Let's say we have four shops A B C D, each of them having 26 products (A to Z) and 26*26 possible customers AA, AB, ..., ZZ buying these products:

CREATE TABLE transactions(id INTEGER, dt INTEGER, shop TEXT, product TEXT, customer TEXT, PRIMARY KEY(shop, dt, id)) WITHOUT ROWID;

Let's say we have 1 million rows spread in a 1-month datetime range, and we want to find the number of distinct customers who have purchased in the shop A for each day in a date range of 10 days (10 x 24 x 3600 seconds). This query works:

SELECT strftime('%Y-%m-%d', datetime(dt, 'unixepoch', 'localtime')) AS day, COUNT(DISTINCT customer) AS count FROM transactions WHERE shop == 'A' AND dt BETWEEN 1600000000+5*24*3600 AND 1600000000+15*24*3600 GROUP BY day

Interesting fact: the WHERE conditions are fully covered by the PRIMARY KEY / the B-tree.

I used WITHOUT ROWID here, because it's faster and the DB is smaller: there is no need to have one B-tree for an index + another B-tree for rowid.

The problem is: the query is rather slow because:

  • QUERY EXPLAIN gives USE TEMP B-TREE FOR GROUP BY: is there a way to avoid this temporary B-tree? After all, the table's B-tree is sorted in datetime so it should be pretty straightforward to group consecutive rows when it's the same day?

  • Here I suspect that strftime(... datetime(...)) is executed for each row, which is slow.
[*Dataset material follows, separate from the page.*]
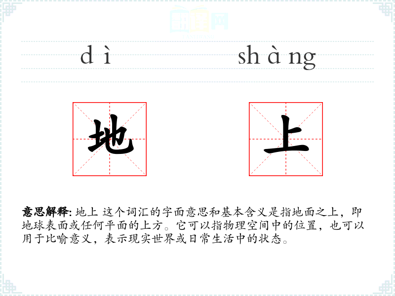 "地上"的意思解释、地上是什么意思由翻译网汉语词典查词提供。

However I can't do a generated column because I need group by day (in localtime), and it datetime(..., 'localtime') is non-deterministic.

What would you do to improve these queries?

Cheers


Fully reproducible Python test code:

import sqlite3, time, random, string
db = sqlite3.connect(':memory:')
db.executescript("""CREATE TABLE transactions(id INTEGER, dt INTEGER, shop TEXT, product TEXT, customer TEXT, PRIMARY KEY(shop, dt, id)) WITHOUT ROWID;""")
for i in range(1*1000*1000):
    db.execute("INSERT INTO transactions(id, dt, shop, product, customer) VALUES (?, ?, ?, ?, ?)", 
                        (i, random.randint(1600000000, 1600000000+31*24*3600), random.choice('ABCD'), random.choice(string.ascii_uppercase), ''.join(random.choices(string.ascii_uppercase, k=2))))
db.commit()    
print('size (MB):', next(db.execute('PRAGMA page_count;'))[0] * next(db.execute('PRAGMA page_size;'))[0] / 1024**2)
db.execute("SELECT strftime('%Y-%m-%d', datetime(dt, 'unixepoch', 'localtime')) AS day, COUNT(DISTINCT customer) AS count FROM transactions WHERE shop == 'A' AND dt BETWEEN 1600000000+5*24*3600 AND 1600000000+15*24*3600 GROUP BY day")
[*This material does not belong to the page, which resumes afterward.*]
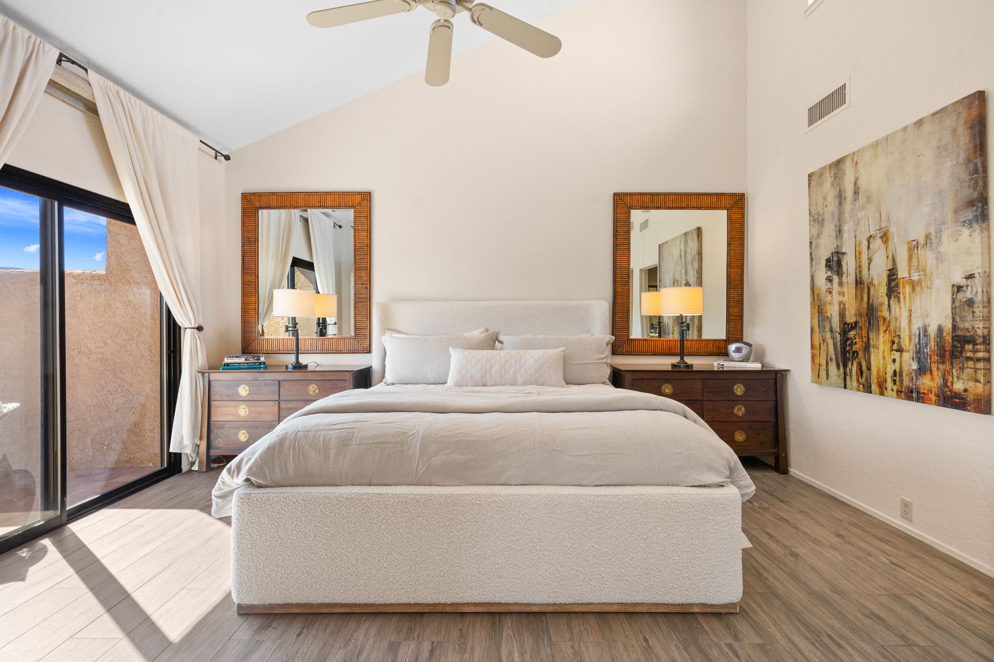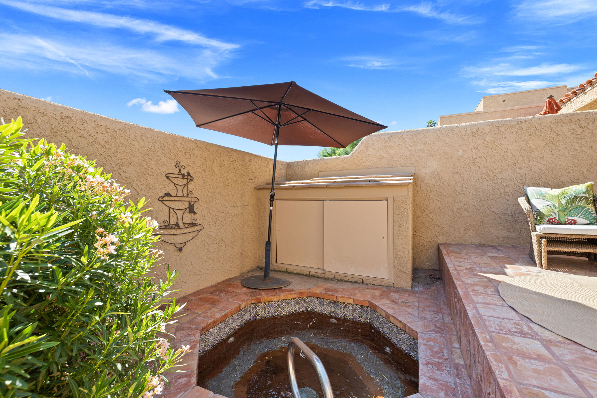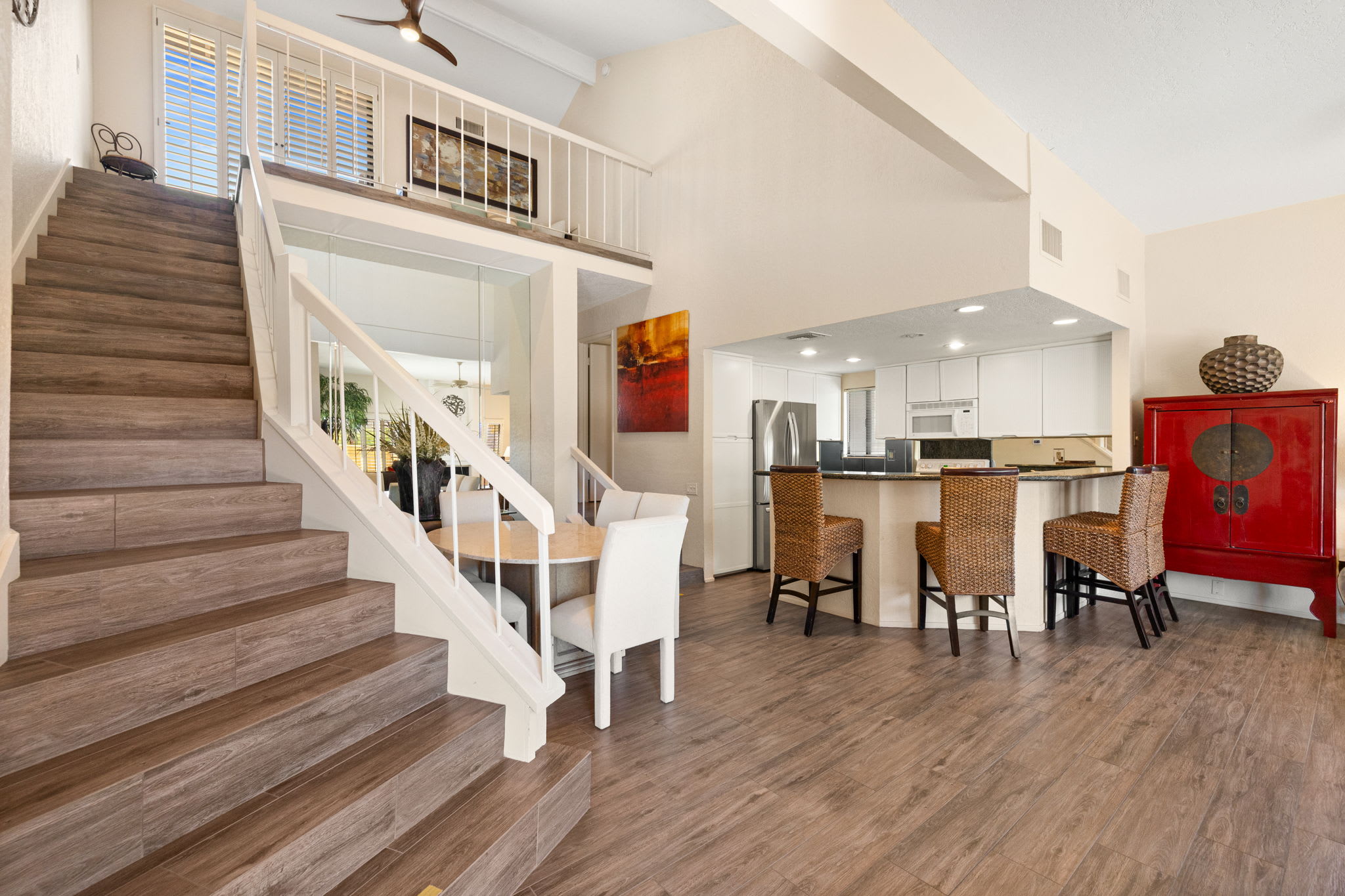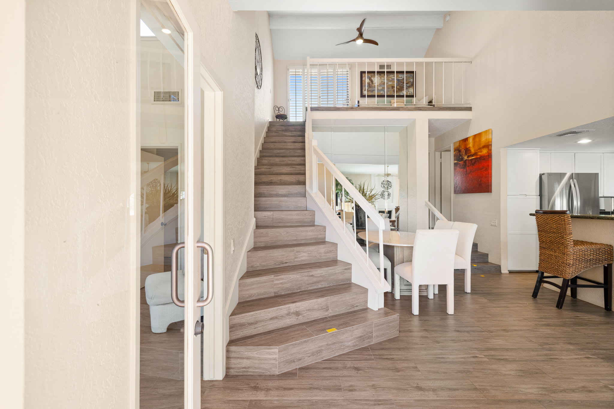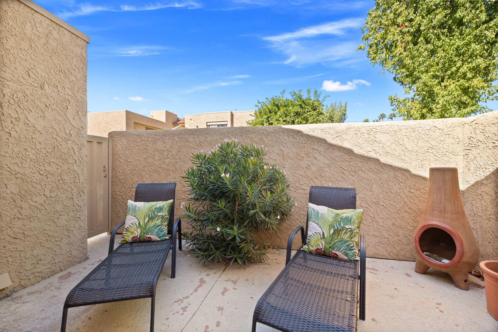 Step outside to enjoy your choice of three private outdoor areas. Unwind in the front patio’s in-ground hot tub, enjoy an alfresco meal on the back patio, or sip your morning coffee on the large second-floor balcony while taking in beautiful desert and mountain views.

(2.3) By little-brother on 2021-01-04 18:20:27 edited from 2.2 in reply to 1 [link] [source]

I can't do a generated column because I need group by day (in localtime)

You group data with timezones, but fetch them without. Hmmm.
Why don't you use indexes on shop and dt? Without them I have a full table scan.

P.S. Aren't strftime('%Y-%m-%d', datetime(dt, 'unixepoch', 'localtime')) and strftime('%Y-%m-%d', dt, 'unixepoch', 'localtime') the same thing?

(3) By huwehas on 2021-01-04 20:01:59 in reply to 2.3 [link] [source]

You group data with timezones, but fetch them without. Hmmm.

No, both are with timezones (grouping and fetching):

SELECT strftime(...) AS day .... GROUP BY day

Why don't you use indexes on shop and dt? Without them I have a full table scan.

There is an implicit index on (shop, dt) coming from the PRIMARY KEY(...) of the WITHOUT ROWID table:

CREATE TABLE transactions(id INTEGER, dt INTEGER, shop TEXT, product TEXT, customer TEXT, PRIMARY KEY(shop, dt, id)) WITHOUT ROWID;

This is confirmed by EXPLAIN QUERY PLAN:

SEARCH TABLE transactions USING PRIMARY KEY (shop=? AND dt>? AND dt<?)

The main question I had here is: why is the GROUP BY using a temporary B-tree since strftime(...) AS DAY is already sorted?

Does GROUP BY uses a temporary hash table or is the GROUP BY done by sorting in general with Sqlite?

(10) By little-brother on 2021-01-05 07:27:32 in reply to 3 [link] [source]

No, both are with timezones (... fetching): AND dt BETWEEN 1600000000+5243600 AND 1600000000+15243600 GROUP BY day")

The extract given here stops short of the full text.